- Nickname: "The Doc"
- Born: 29 October 1946 British Hong Kong
- Died: 13 January 2018 (aged 71) Torpoint, Cornwall
- Allegiance: United Kingdom
- Branch: Royal Navy
- Service years: 1972—1996
- Rank: Surgeon Captain
- Unit: Commando Logistic Regiment Medical Squadron
- Conflicts: Falklands War (Ajax Bay)
- Awards: OBE Oficial Orden de Mayo (Argentina)
- Other work: The Red & Green Life Machine Jackspeak In Confidence

= Rick Jolly =

Medical officer in British navy

Surgeon-Captain Richard Tadeusz Jolly OBE (29 October 1946 – 13 January 2018) was a Royal Navy medical officer who served in the 1982 Falklands War and was later decorated by both the British and Argentine governments for his distinguished conduct during the conflict. He went on to practise and give lectures to medical establishments on his experiences. He was a co-founder, with Denzil Connick, of the South Atlantic Medal Association formed in 1997. He was also the only person to be decorated by both sides for his work in the Falklands War.

==Background==
Jolly was educated at Stonyhurst College and subsequently studied medicine at St Bartholomew's Hospital Medical College (now Barts and The London School of Medicine and Dentistry) in London, and qualified as a physician in 1969. While working as a houseman, a senior colleague suggested he join the Royal Naval Reserve as a Royal Navy doctor.

==Career==
He became Medical Officer to 42 Commando RM, who were deployed in Belfast along with men of the 3rd Battalion, Parachute Regiment, with whom he built a strong friendship.

In 24 years of service, he completed two tours with the Fleet Air Arm as a Fleet Surgeon, Medical Officer recruitment/Officer training in the Dartmouth Training Ship , and at the Britannia Royal Naval College.

===Falklands War===
As Officer Commanding Medical Squadron of the Commando Logistic Regiment Royal Marines, Jolly was Senior Medical Officer of 3 Commando Brigade RM and commanded the field hospital at Ajax Bay known as the "Red and Green Life Machine"

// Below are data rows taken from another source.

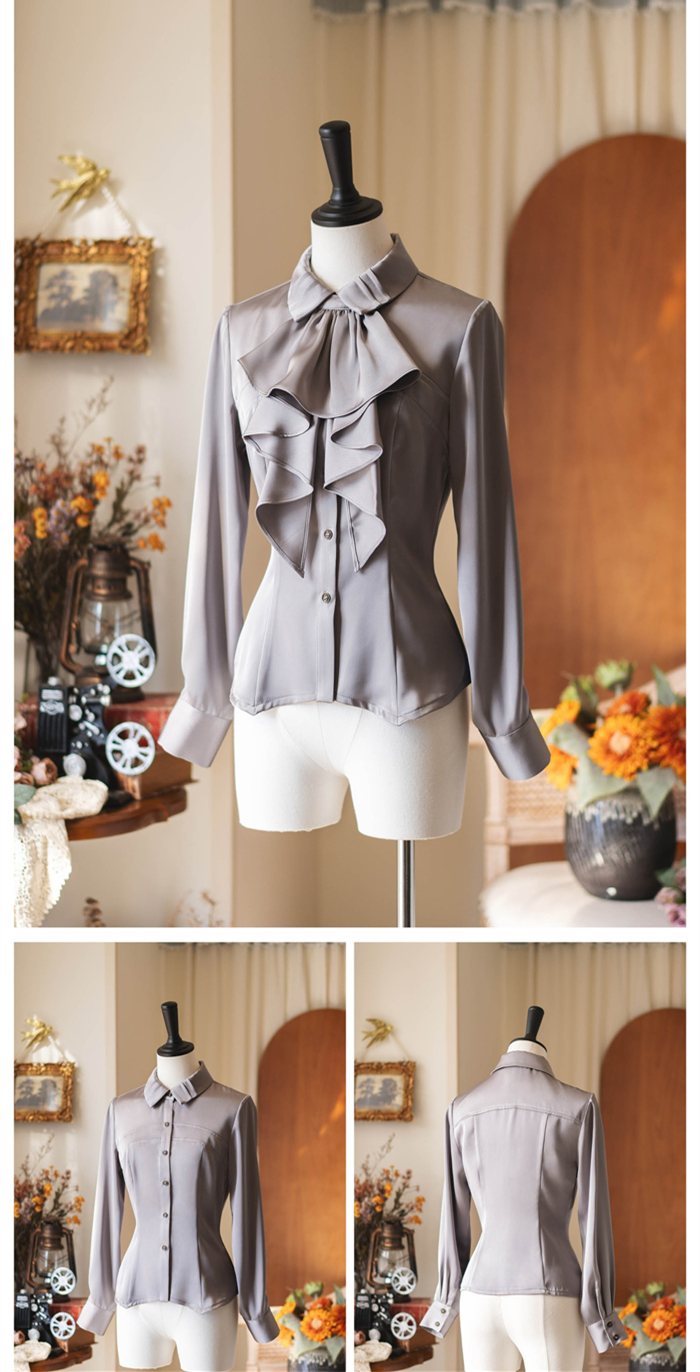 | Product Name | Forest Wardrobe -Forest Morning Dew- Elegant Classic Vintage Casual Lolita Long Sleeves Satin Blouse with Necktie |
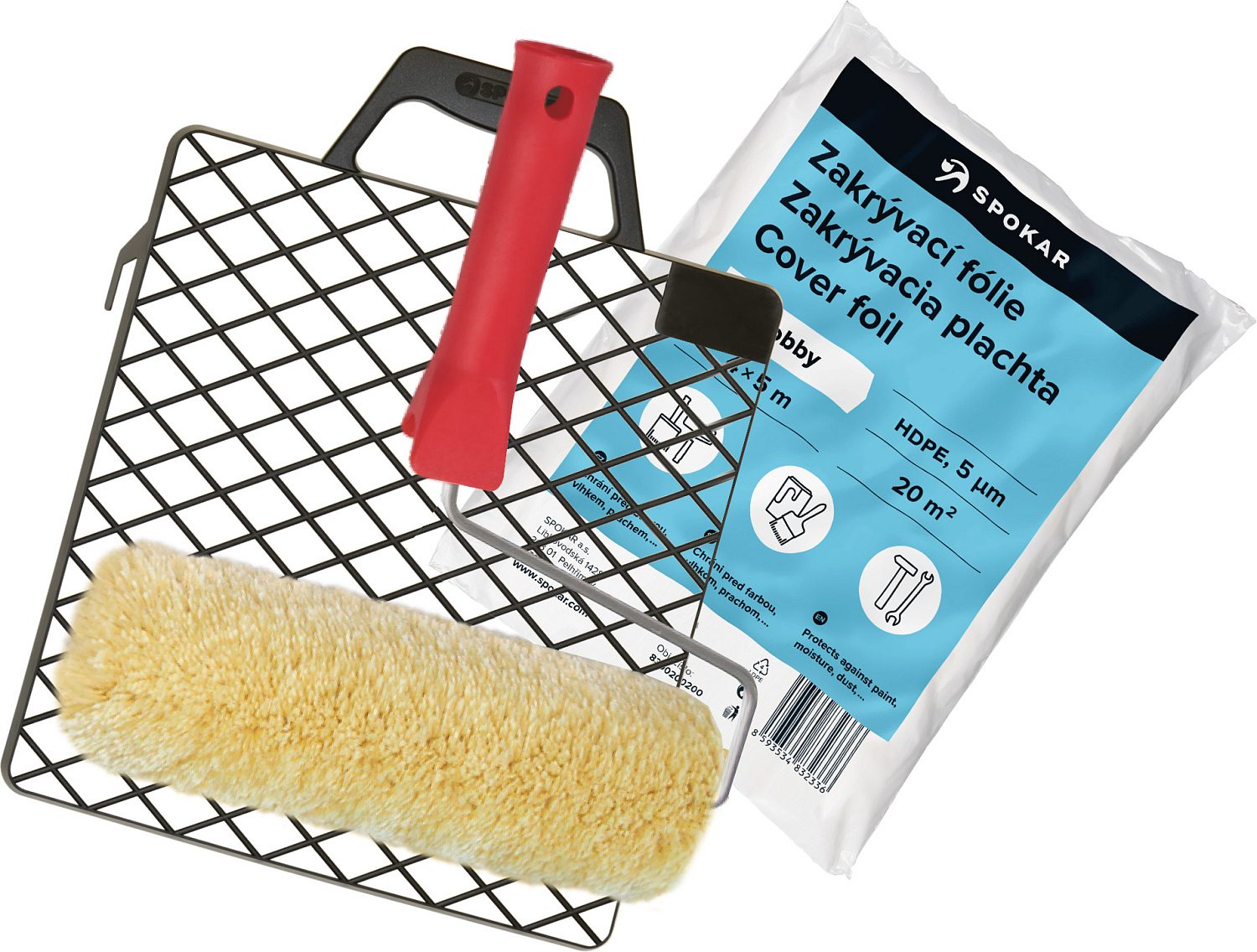 Polyakryl. Wysokiej jakości zestaw przeznaczony przede wszystkim dla majsterkowiczów, stanowi doskonały stosunek jakości do ceny. Jest to znacząco lepsza alternatywa dla zestawów VESTAN. W zestawie znajdują się folia, kratka na wałek oraz wałek z uchwytem o szerokości 250 mm. Wałek malarski Plus żółtozielony do prac malarskich i malarskich na gładkich i delikatnie chropowatych powierzchniach.
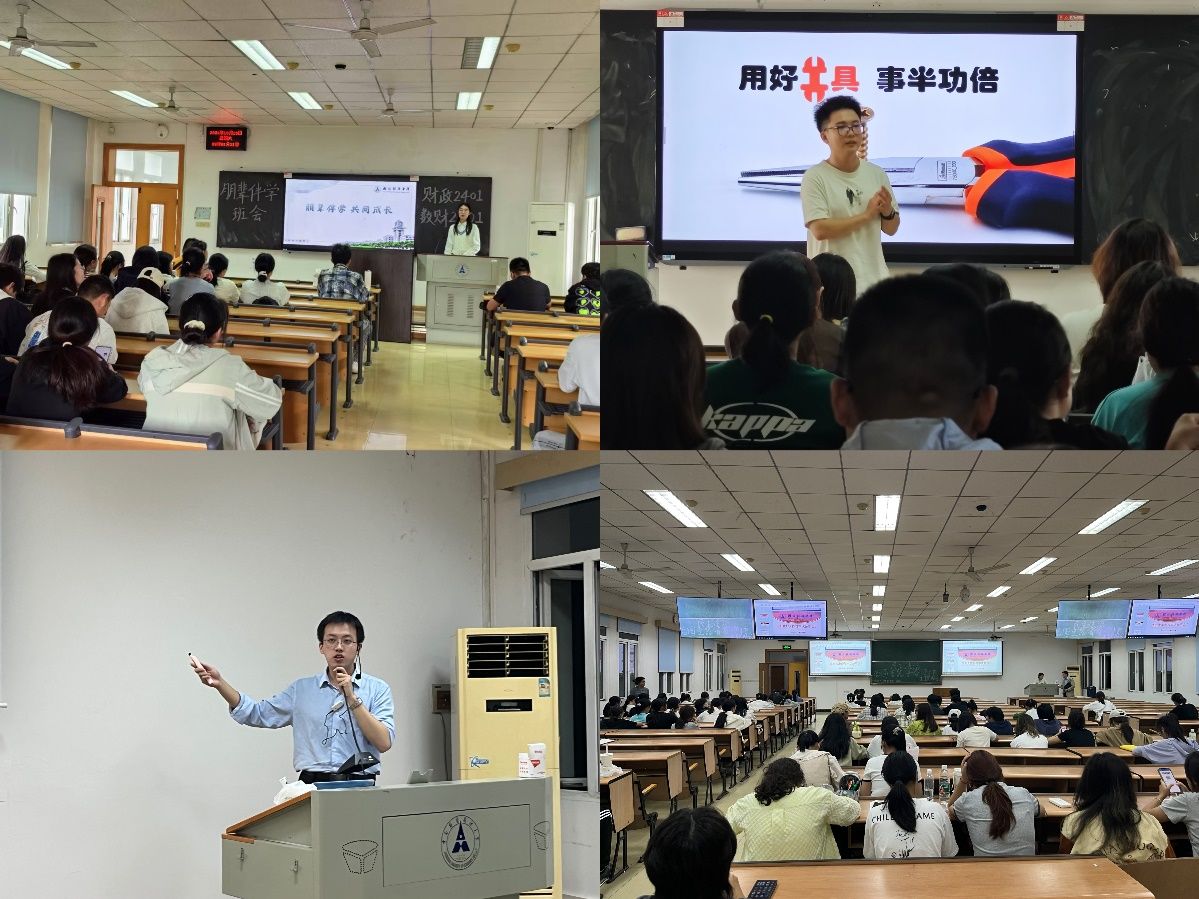 各班组织召开班会,分享经验,交流心得。邀请工商管理学院2024级农业管理专业硕士研究生包嵘臣,分享如何从高中思维转变为大学思维,更好适应大学生活;邀请财政税务学院2022级优秀本科生江俊澄师兄主讲《本科生科研入门指北》,为新生同学推开科研之门;财政2401班班助郭沈垲、数财2401班吕梵迪就课程学习、科研竞赛、学生工作、校园生活四个方面进行经验分享,答疑解惑。

The facilities at Ajax Bay were set up in an old refrigeration plant situated next to an ammunition dump, as those were the only roofed buildings available of any size fit for purpose. Because its position was close to legitimate military targets, Brigadier Julian Thompson ordered they were not to paint a Red Cross on the building's roof to highlight the hospital, due to the terms of the Geneva Convention. The conditions in the field hospital were poor and despite the dirt, poor lighting, air attacks and the presence of two unexploded bombs, only three of the 580 British soldiers and marines wounded in action were to die of their wounds and none while under the care of Jolly.

===Post-war===
Before visiting Argentina in 1998, Jolly had sent ahead a list of Argentine casualties and asked the authorities there what had become of them. As a result, the Argentine Foreign Ministry discovered the truth about the battlefield medical care of their wounded by the British during the conflict and invited over 50 of them to a ceremony in Buenos Aires, where Jolly was appointed as an Oficial (Officer) in the Order of May in recognition of his outstanding work in saving the lives of many wounded Argentine soldiers and airmen.

As it was a foreign decoration, Jolly had to write to the Queen for permission to wear his Order of May award with his other medals, to which she personally responded by authorising him to wear the award "on all occasions" on behalf of the 300 British Naval, Royal Marines and Army medics involved in the war. The Argentine award made Jolly the only serviceman to have been decorated by both sides after the conflict.

Jolly was interviewed in the TV documentary Falklands Combat Medics, which concentrated primarily on the work and role played by the field hospital based at Ajax Bay and he campaigned for the recognition of posttraumatic stress disorder for all Falkland veterans in aid of the South Atlantic Medal Association.

===Death===
Jolly died on 13 January 2018 from heart condition complications and is survived by his wife, Susie (née Matthews), a former children's nurse, whom he married in 1970. Their son, James, predeceased him aged 17.

== Honours and awards ==

- Order of the British Empire (OBE) – appointed in the 1983 South Atlantic Honours List for leadership and gallantry during the Falklands conflict

- General Service Medal (1962) with Northern Ireland clasp – awarded for service in Northern Ireland with 42 Commando Royal Marines

- South Atlantic Medal with rosette – for service during the Falklands War, treating British and Argentine wounded under combat conditions

- – awarded in 1999 by President Carlos Menem for lifesaving medical care to Argentine personnel

== Books ==
Jolly's first book, For Campaign Service, detailed the experience of soldiers and Royal Marines who served in Northern Ireland. The book took its title and cover image from the General Service Medal issued to UK military. He also wrote the book The Red and Green Life Machine, about his experiences in the Falklands War, and Jackspeak: A Guide to British Naval Slang and Usage.